Now that we understand the problem and have cleansed our dataset, a few simple techniques can be applied to gain insights that are hidden in the data.

1. View Distributions with Histograms

If the data is continuous, and using what you know about the subject, would you expect normally distributed data (Figure 1) or right-skewed data (Figure 2)? Or are you finding bimodal data – indicated by two adjacent peaks – that you need to understand better? Viewing histograms may also help locate bad data that was previously hidden.

Figure 1 A normally distributed histogram (E2586) shows the classic bell-shaped curve.

Figure 2 A right skewed histogram (E2586) is common for variables that are heavily weighted toward zero and have a lower bound of zero (cannot physically have a value lower than zero). Non-experts commonly mistake higher values from right skewed data as outliers and delete valuable data.

 

Other data may be discrete, which can take the following forms:

  • Nominal: without order, such as {male, female} or {supplier #1, supplier #2, supplier #3}
  • Ordinal: can be ordered, such as {high school, bachelor’s, master’s, doctoral degrees}

For each category of a discrete data feature, do all the levels have a reasonable amount of data? Or are certain levels missing?
The power of this seemingly simple technique is that it is easy to perform, and graphics provide a variety of insights.

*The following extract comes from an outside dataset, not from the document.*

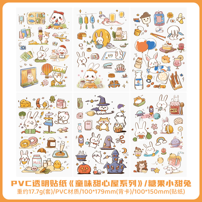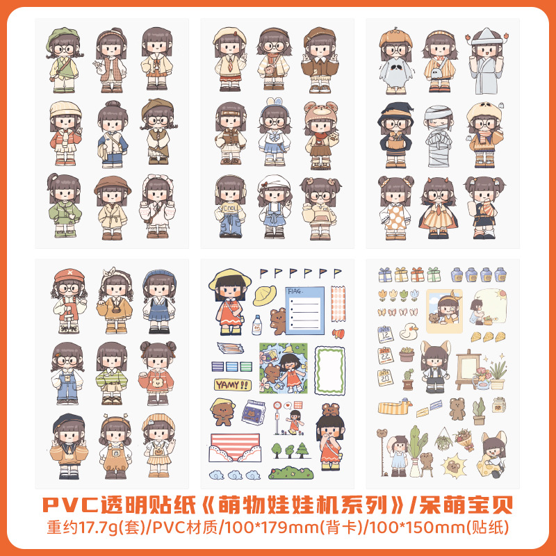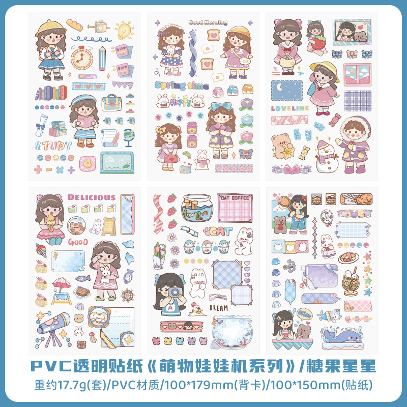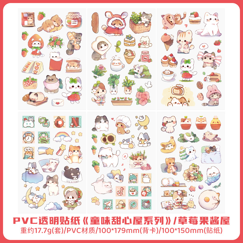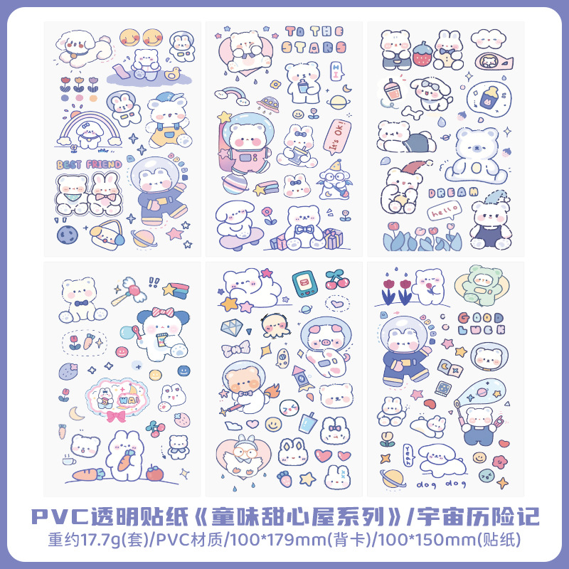 40 만화 귀여운 투명 방수 PVC 스티커 DIY 손 계정 일기 장식 재료 스티커 만화 컵 스티커

2. Explore the influence of time

You may already be aware of the influence of time when you asked clarifying questions (e.g., When did this issue start?). Perhaps you discovered a bimodal histogram on a response variable that may be further explained by time. Perhaps you know of a special event that may influence the data, such as the COVID-19 pandemic. Creating a graph or control chart to plot the data in time order can be useful. To have this option available, dates and times must not be deleted in the cleansing step.

This technique is powerful because understanding known or potentially undiscovered changes over time helps to unpack the data properly. Sometimes treating all available data in the set as a homogeneous group may not be beneficial. Older data or a certain subset may not be relevant to the current issue.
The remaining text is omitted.